Let’s model the motion of a person on a downward-curved slide. I’m going to start with a rider at the top of a curve. You can see that at some point the person flies off the track and becomes a free-falling projectile:
The person’s speed as they begin their ride is important. If a person starts the downward curve with a high enough speed then they will fly off the track—but the exact value for the speed that will cause the person to come off the track depends on the starting and ending angle of the slide’s curve.
If you want to keep your riders on the slide, you need to increase the coefficient of friction between them and the slide. In the end, the Michigan Department of Natural Resources, which runs Belle Isle Park, posted a Facebook video explaining the updates they have made: “We have scrubbed down the surface and started to spray a little water on the slide between rides to help control the speed,” they wrote. They also urge the riders to lean forward—which a park employee demonstrates in the video.
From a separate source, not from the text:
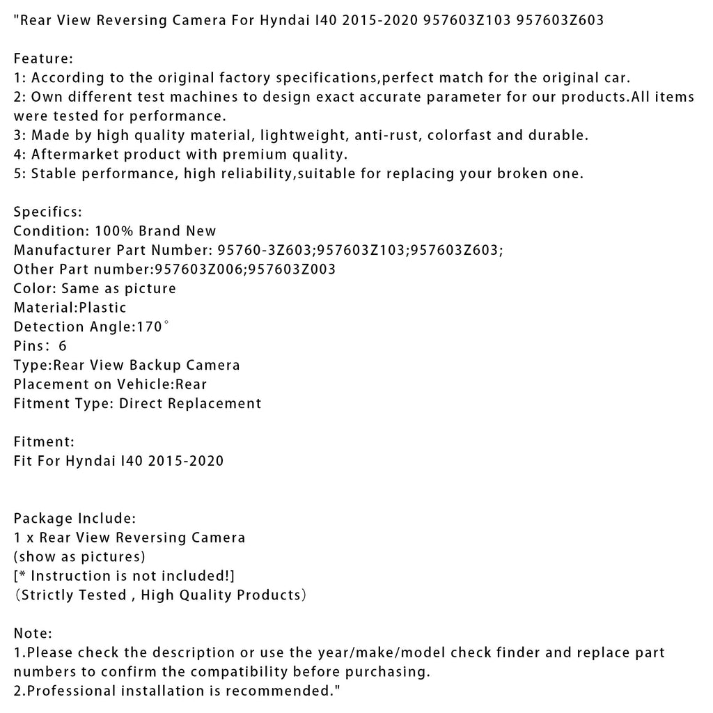 Achteruitrijcamera voor Hyundai I40 2015-2020 957603Z103 957603Z603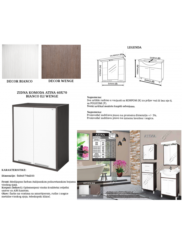 Kupatilski ormarić zidna komoda Lux Atina 60x70cm je zidni ormarić jednostavnog, klasičnog dizajna, dimenzija 60x70x33cm. Front kupatilskog ormarića zidna komoda Lux Atina 60x70cm je napravljen od medijapana, presvučenog poliuretanskom bojom visokog sjaja, dok je korpus napravljen od visoko kvalitetnog reljefnog univera sa ABS kantom. Ručke ormarića su izrađene od metala visokog sjaja, a šarke imaju amortizere. Unutrašnjost ormana čine dva odeljka podeljena policom. Kupatilski ormarić zidna komoda Lux Atina 60x70cm je dostupan u braon boji sa belim vratima i u kompletno beloj boji.

Why water? Water is actually kind of sticky, so just adding a little bit of it could increase the friction due to its cohesive nature. (Of course, adding enough to create a full-on waterslide might reduce the friction and make the rider even faster—but that would take a lot more water.)
Leaning forward could help ensure that each rider’s weight is on the cloth sack on their legs. The sacks are made of burlap, which is scratchy and provides some friction—and because all the riders have to wear these sacks, that makes for a more consistent, known surface than whatever clothing the riders happen to be wearing. Asking them to lean forward makes sure the burlap is in contact with the slide, not the material that makes up the person’s shirt—which is what would happen if they leaned backwards.
If the park operators want to get even more creative, another option would be to have riders slide while wearing something other than those burlap sacks—maybe something with a little bit of rubber to increase the friction interaction. It’s also possible that a coat of paint could increase the coefficient of friction.